El gobierno brasileño, que lidera el presidente Luiz Inácio Lula da Silva, impulsará una serie de normas destinadas a la regulación de la publicidad de las empresas de apuestas deportivas.
El ministro de Hacienda, Dario Durigan, anunció este jueves en Brasilia que el viernes se publicarán dos normas para establecer nuevas restricciones a las campañas de apuestas y ampliar la supervisión del sector, de acuerdo con lo que informó la revista Carta Capital.
El cambio principal será la obligación de incluir una advertencia en todos los anuncios de apuestas. Las campañas deberán mostrar uno de los siguientes mensajes: “Las apuestas hacen perder dinero”, “las apuestas pueden causar adicción” o “las apuestas no son una inversión”.
Según informó el gobierno, el objetivo de estas nuevas normas es adoptar un modelo similar al utilizado en la publicidad de productos que suponen riesgos para la salud o para el consumidor.
Las nuevas normas también restringirán la forma en que las empresas pueden promocionar las apuestas. Se prohibirá crear una sensación de urgencia para animar al público a apostar de inmediato, presentar las apuestas como una fuente alternativa de ingresos, una inversión o una solución a dificultades financieras, así como utilizar historiales de ganancias anteriores para sugerir mayores probabilidades de ganar. “Cuando se muestra el historial de ganancias, se oculta el historial de pérdidas”, afirmó el ministro Durigan al presentar la nueva normativa.
Según el ministro, también refuerza la protección de niños y adolescentes. “Existe tolerancia cero ante la publicidad que busque, de cualquier modo, dirigirse a niños y adolescentes”, declaró, según consignó el diario Folha de Sāo Paulo.
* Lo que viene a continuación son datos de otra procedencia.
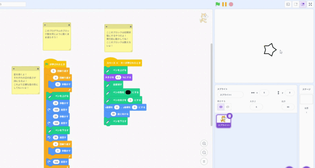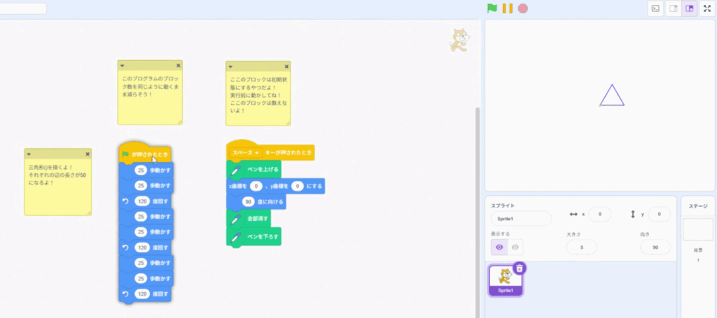 トップバッターはSくん考案のScratchで組まれたプログラムをできるだけシンプルにして、一番少ないブロック数で出来た人が優勝!という一見簡単そうに聞こえるものの、なかなか難しいお題です。

El gobierno también prohibirá mezclar comentarios técnicos sobre eventos deportivos con recomendaciones que incentiven apuestas específicas; una práctica que, según el Ministerio de Hacienda, podría inducir a error a los consumidores. “No es lícito ni reglamentario inducir a error al consumidor mezclando comentarios de expertos –afirmando que una determinada apuesta es la mejor o que un camino específico es el correcto– para así otorgar una apariencia de respaldo técnico”, señaló Durigan.
Otra norma, emitida en forma conjunta con el Ministerio de Justicia, intensificará la lucha contra los operadores de apuestas ilegales.
Durigan afirmó que las empresas sin autorización para operar siguen teniendo prohibido hacer publicidad en Brasil y que los medios de comunicación y los anunciantes también tienen vetada la difusión de publicidad de estas plataformas.
Según el ministro, el gobierno ya ha dado de baja a más de 56.000 sitios de apuestas no autorizados.
Las empresas que incumplan las nuevas normas podrían enfrentarse a multas de hasta el 20% de sus ingresos, a la suspensión de su autorización de funcionamiento por un período de hasta 180 días y –en casos de reincidencia grave– a la revocación de su licencia.
Por otra parte, los responsables de publicar anuncios no autorizados estarán sujetos a sanciones conforme al Código de Defensa del Consumidor, incluidas multas que pueden alcanzar los 14 millones de reales, algo más de 2,7 millones de dólares.